PFMEA (Process Failure Mode and Effects Analysis)

• A PFMEA is a structured technique that helps a team think through “everything” that may go wrong in a process
• The severity or impact of each failure is rated, the potential that a specific failure may actually occur is factored in and the probability that the failure can be prevented or at least detected is considered.
• The intent is to identify risks that are unacceptable and initiate corrective plans that mitigate those risks and help make the process more robust

Control Plan

• A copy of the Control Plan, reviewed and signed-off by supplier and customer
• The Control Plan follows the PFMEA steps, and provides more details on how the "potential issues" are checked in the incoming quality, assembly process or during inspections of finished products

MSA Study (Measurement System Analysis)

• MSA usually contains the Gauge R&R (repeatability & reproducibility) for the critical or
  high impact characteristics, and a confirmation that gauges used to measure these
  characteristics are calibrated.

Dimensional Results

• A list of every dimension noted on the ballooned drawing. This list shows the product characteristic, specification, the measurement results and the assessment showing if this dimension is "ok" or "not ok".
• If any parts do not meet the correct specification for a valid reason which could continue into mass production then the supplier should create an exception report & submit to customer with reason why the part is not meeting the correct specification.

Material, Performance Test Result

• Material Tests refer to chemical, physical or metallurgical requirements specified by the Design Record or Control Plan.
• A summary of every test performed on the part.

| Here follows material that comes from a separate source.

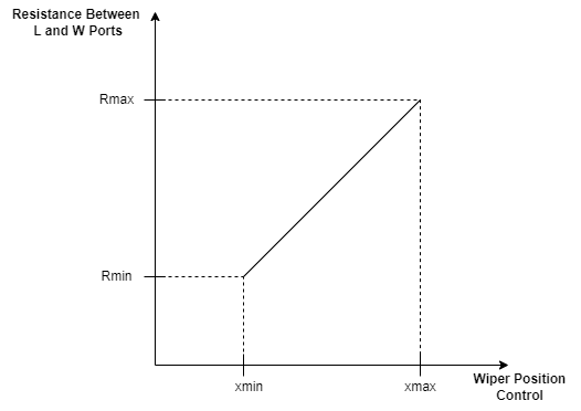 If the potentiometer resistance changes linearly based on wiper position, then the resistance between the wiper position and port L is: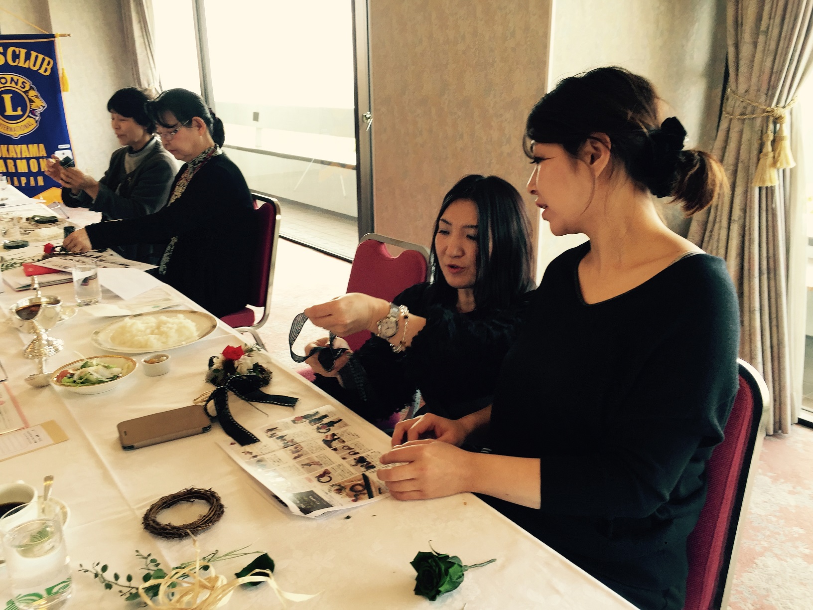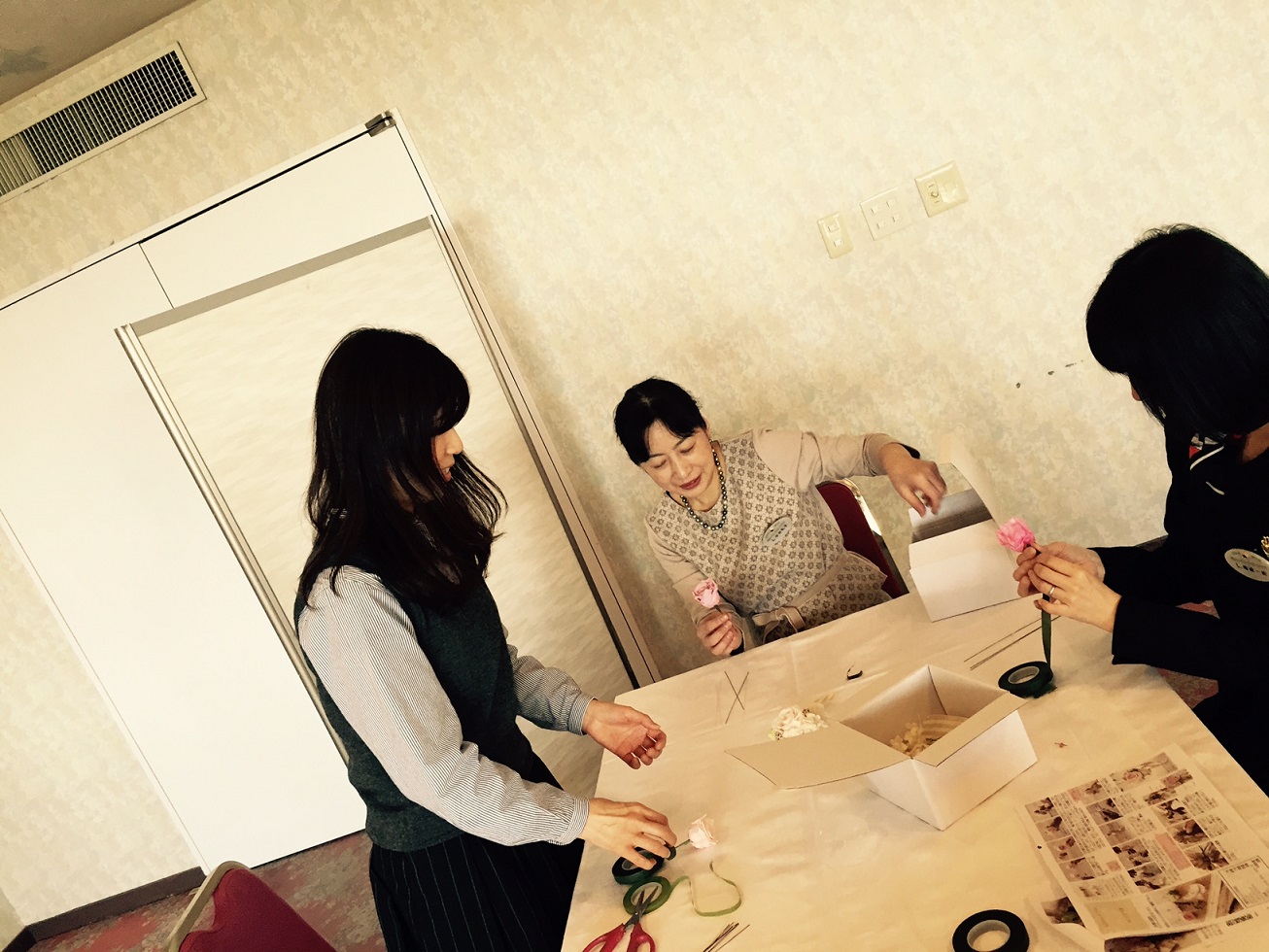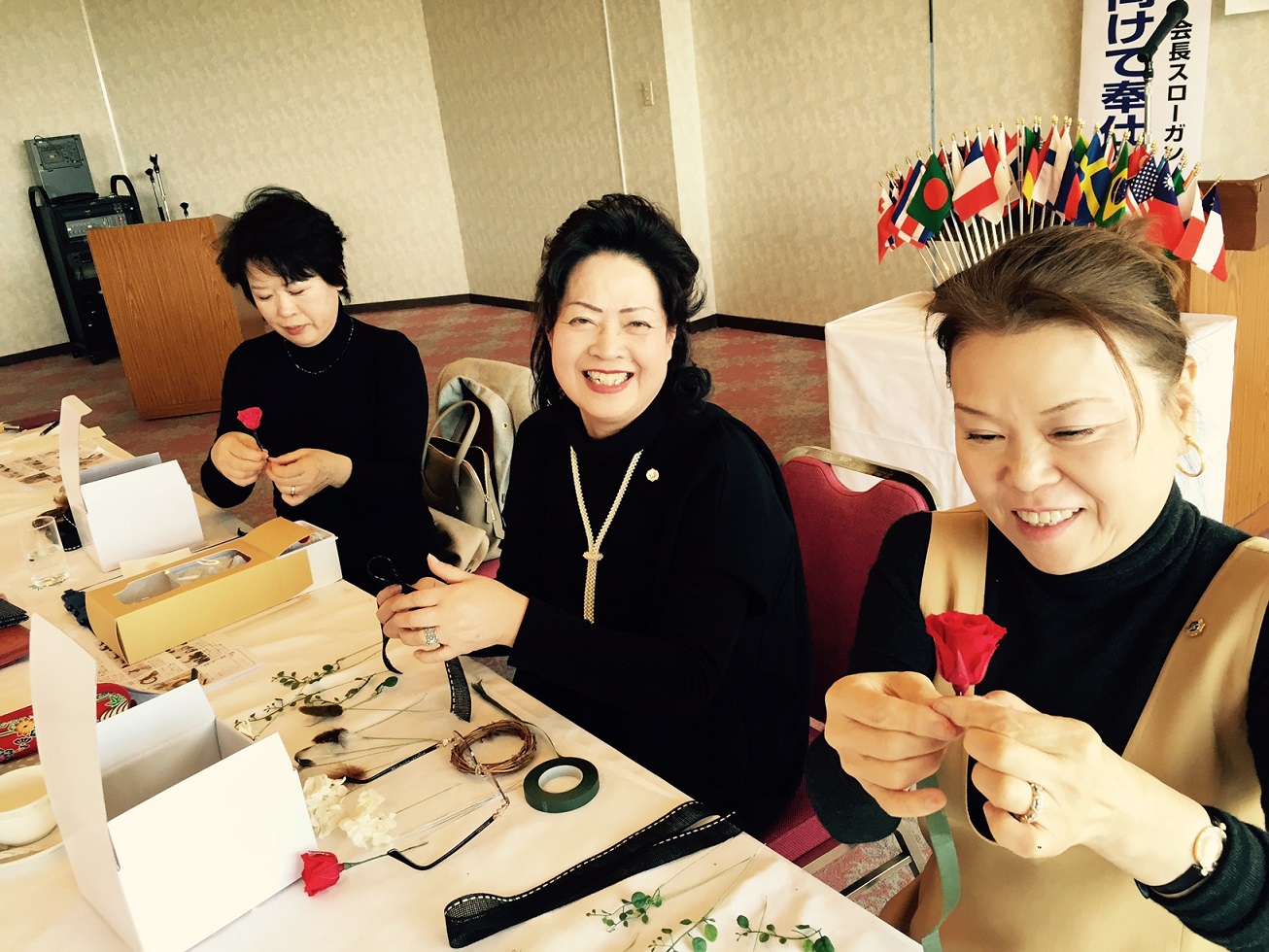 今回は経営者の友人でもある【シンフラワー株式会社】の森口牧子さんを講師としてお招きして会員の皆様とお花ドアノブを作りました。

This summary is usually on a form of DVP&R (Design Verification Plan and Report), which lists each individual test, when it was performed, the specification, results and the assessment pass / fail.

Initial Process Studies/SPC (Statistical Process Control)

• Initial Process Studies are used to evaluate whether a (supplier’s) process can meet
  Special Characteristics or (Critical Characteristics) defined by the customer.
• Objectives of Initial Process Studies are to determine if production processes are
  stable, will yield acceptable outputs for critical or special characteristics and are ready
  to begin process validation builds.

Qualified Laboratory Documentation

• If testing is performed in a supplier’s internal lab, they must provide a copy of their quality certification
• When submitting test results, include documentation showing that the laboratory is qualified or accredited.
• Inspection and testing is to be performed by a lab qualified (or accredited) to conduct the types of tests and measurements.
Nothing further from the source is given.